> INSTRUCTIONS TO FOLLOW
Below, locate the line that contains "Dieser Eingabebereich ist". Repeat exactly from that line to the line that contains "Cutie pentru sticla", inclusive, leaving out the pictures.

> AVAILABLE DATA
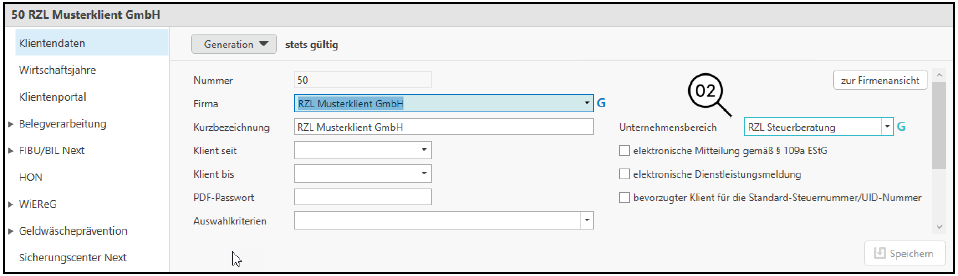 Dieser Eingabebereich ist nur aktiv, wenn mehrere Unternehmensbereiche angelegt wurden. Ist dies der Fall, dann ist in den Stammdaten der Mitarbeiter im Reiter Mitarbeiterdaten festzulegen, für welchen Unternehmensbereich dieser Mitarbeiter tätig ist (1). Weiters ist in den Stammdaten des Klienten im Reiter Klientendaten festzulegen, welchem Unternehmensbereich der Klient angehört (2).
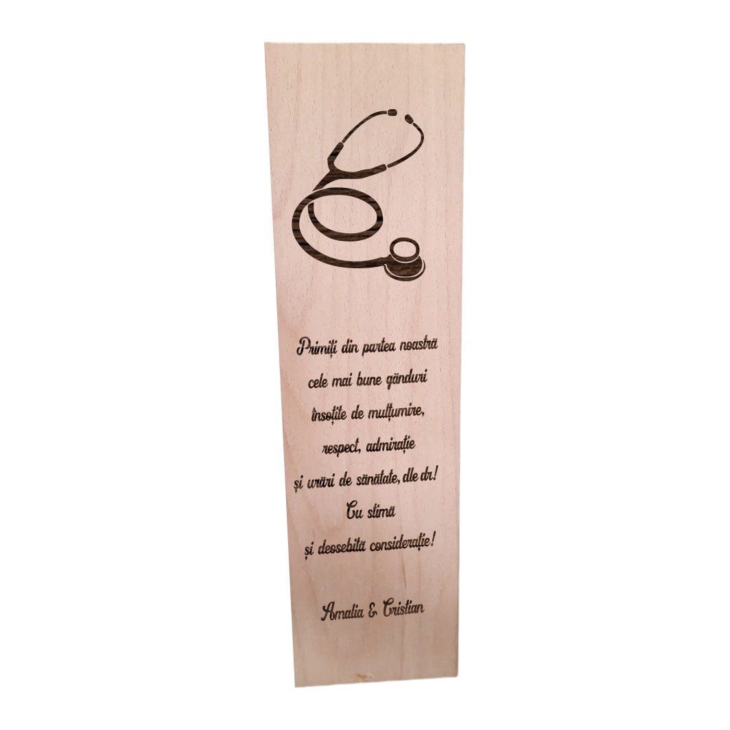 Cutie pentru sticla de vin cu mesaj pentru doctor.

---

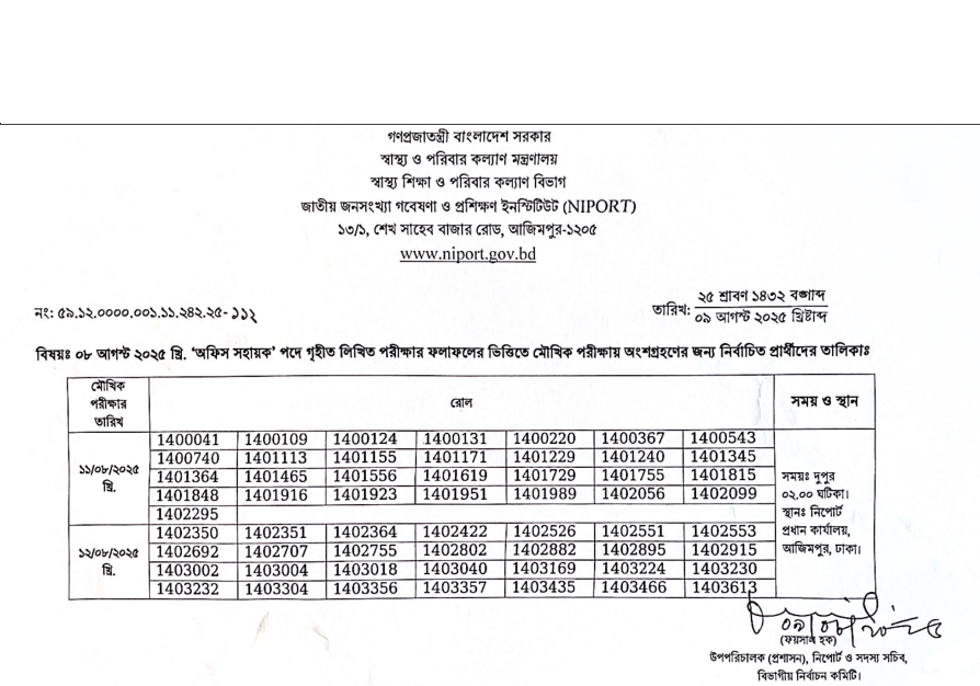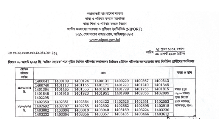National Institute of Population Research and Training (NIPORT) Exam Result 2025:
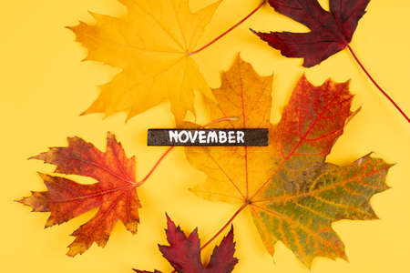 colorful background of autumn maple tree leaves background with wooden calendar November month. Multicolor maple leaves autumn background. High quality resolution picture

--

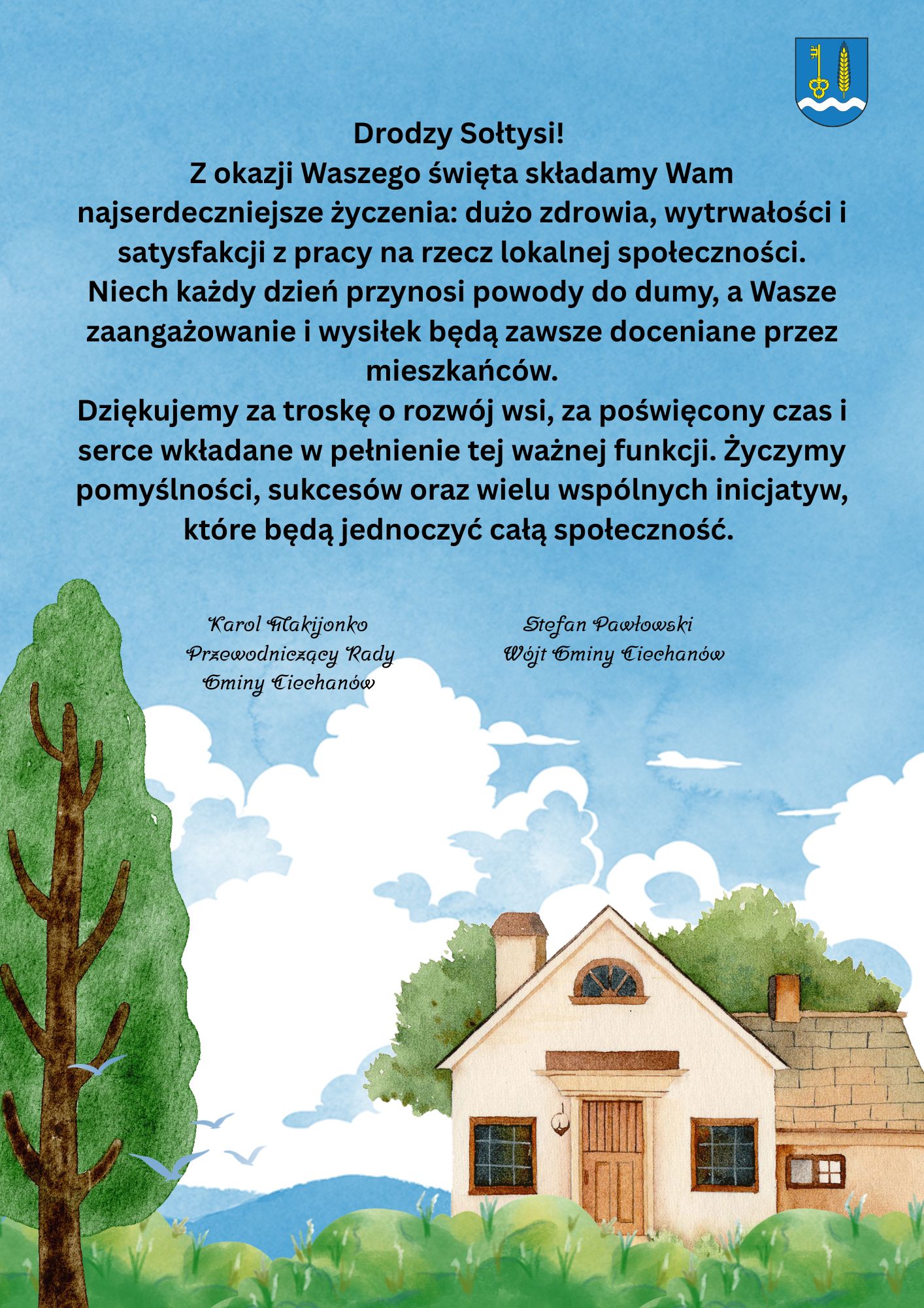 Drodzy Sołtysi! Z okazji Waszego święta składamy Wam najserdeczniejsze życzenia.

> FINISHED TASK
 Dieser Eingabebereich ist nur aktiv, wenn mehrere Unternehmensbereiche angelegt wurden. Ist dies der Fall, dann ist in den Stammdaten der Mitarbeiter im Reiter Mitarbeiterdaten festzulegen, für welchen Unternehmensbereich dieser Mitarbeiter tätig ist (1). Weiters ist in den Stammdaten des Klienten im Reiter Klientendaten festzulegen, welchem Unternehmensbereich der Klient angehört (2).
 Cutie pentru sticla de vin cu mesaj pentru doctor.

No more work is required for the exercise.